On July 11, 2001, the FDA asked for more clinical data to support the safety of Genentech/Tanox's new drug to treat asthma. This new drug was aimed at a very large market and has the potential to generate over a $1 billion in potential revenue if approved. Unfortunately, as big as the potential revenue stream was for Genentech, the hit the company took because of this delay was even bigger. On the day of the FDA news, the stock price declined 16%. Even more striking was the negative reaction aimed at the company co-developing the drug, Tanox (TNOX | Quote | Chart | News | PowerRating).

Along with Genentech’s decline, Tanox lost close to half its market value that day on the news that would result in a delay in the asthma drug coming to market. Again, the smaller-cap companies looking to gain market share with their first new product get hurt the most if the FDA brings negative news. 

Can investors anticipate these potential land-mine delays before the FDA makes a final decision on a new drug? 

The short answer is no, unless you have access to the clinical data reviewed by the FDA. However, there is a way to begin to understand how the FDA is thinking when it decides to delay the final action on a New Drug Application. Any new drug aimed at a large disease market such as cancer, diabetes, heart disease, stroke, Alzheimer’s and the list can go on, has high expectations and can lead to some nice gains. 

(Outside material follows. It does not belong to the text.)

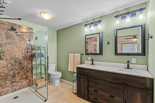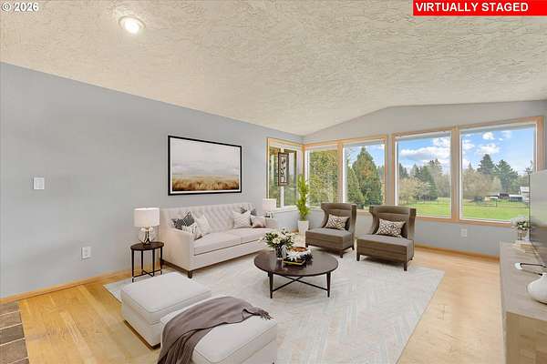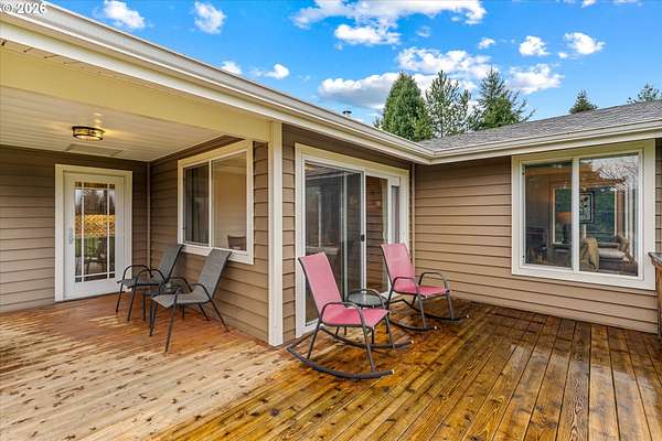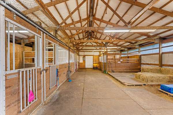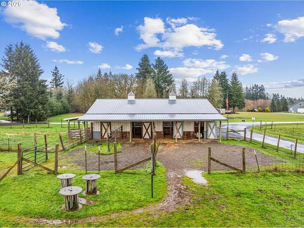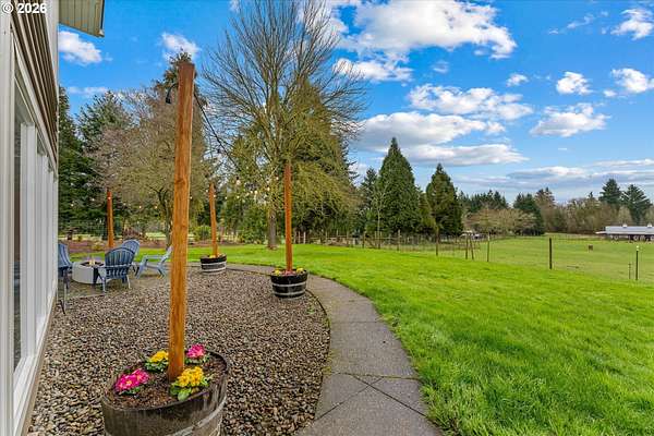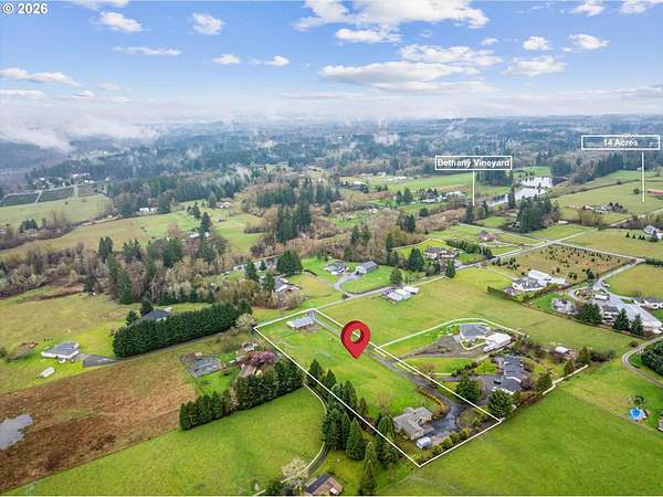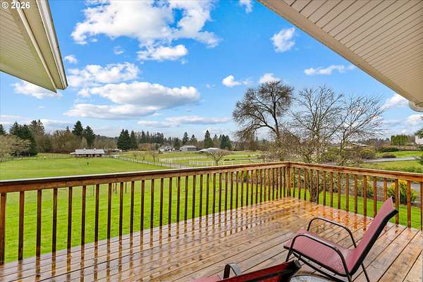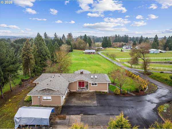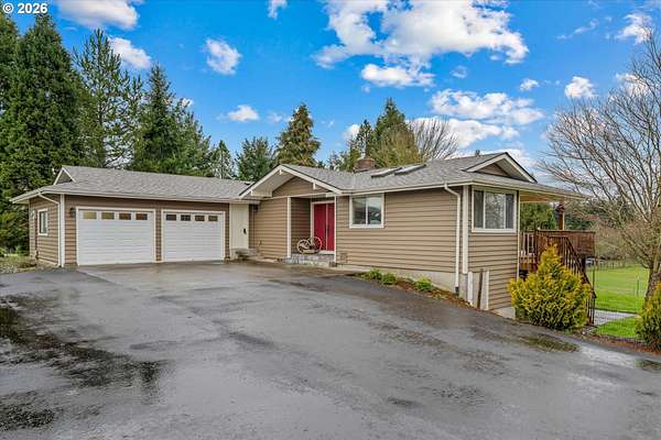 Nestled on 2.46 acres in a quiet, well-established setting, this spacious 3,036 SF daylight ranch offers the perfect blend of comfort, flexibility, and mini-farm living. The home features a brand-new kitchen, 5 bedrooms, and private in-law quarters complete with a second kitchen and separate exterior entrance, making it ideal for multigenerational living or extended guests. The primary suite provides a relaxing retreat with a barn door entry and walk-in shower. Recent updates include: New vinyl siding (2019), new deck (2020), new garage (2024), newly repaved driveway (2025) and full roof replacement (2019). Equestrian and hobby-farm enthusiasts will love the impressive 30x60 barn with 5 stalls, complete with water service, water heater, and its own electrical panel, along with a fenced pasture area for animals. The property offers room for RV parking and operates on private well and septic, providing both independence and functionality for rural living. Enjoy beautiful east-facing views of Mt. Hood and the tranquility of country living while being conveniently located near Bethany Vineyard, 14 Acres Winery, and 3 Peaks Brewery, making it easy to enjoy some of the area's best local wine and craft experiences.

Unfortunately, if the FDA expresses any doubt about the drug before it has a chance to decide its fate, then the downside drop can be steep. Be vigilant of new drugs aimed at treating a childhood diseases. Children hold a special place in the heart of the FDA and the clinical data presented with the New Drug Application better be extremely safe and pristine. 

Beware of new drugs that are called a “new class” of treatment. If a drug is defined as a “new class” of treatment, then it differs totally in mechanism of action from what is already approved. New class drugs invite extra scrutiny by the FDA with regard to safety concerns, especially if there already are approved treatments for the disease in question. 

Also beware of companies casting a wide application net for their new drugs, since this also will invite much scrutiny from the FDA before the meeting date is set. Often a company will list several disease conditions that its new drug could potentially treat.

Unfortunately, Genentech and Tanox’s new asthma drug encompassed many of the points made above, and thus invited much scrutiny from the FDA. The drug was aimed at treating both adults and children with asthma and allergies. It was also a new class of drug, a monoclonal antibody, different from anything already being used by doctors today. The end result was that the FDA got squeamish and requested more data covering the safety of the drug. Genentech and Tanox now have amended their application to include only adults with asthma. Both companies plan to supply the FDA with more clinical data regarding safety and efficacy in children.

New Drug Application Accepted For Review, What Next?

Once a company’s application has been accepted for review, there is no guarantee the drug will get approved for use. It can take up to 18 months (usually 12) for the FDA to meet and decide if the drug is acceptable. As I mentioned earlier, “fast track” status shortens this time to six months.  However, during this time period, another seminal event awaits the company applying, an event that gets it closer to the all-important advisory committee meeting. Like the aforementioned sentinel events, it offers you another opportunity to enter and exit the stock. This event is the announcement of the all-important FDA advisory committee meeting, the meeting that will ultimately determine the fate of the drug and, many times, the company presenting it.

Good luck with your trading. I look forward to seeing you at TradingMarkets 2001.

Paul

I have been investing/trading in medical and biotechnology stocks for years. The one common theme is that this is a high risk/reward endeavor. When you are correct, many times you are richly rewarded. When you are wrong, you can be badly punished. Please keep this in mind and hedge/protect yourself appropriately when trading/investing in these stocks.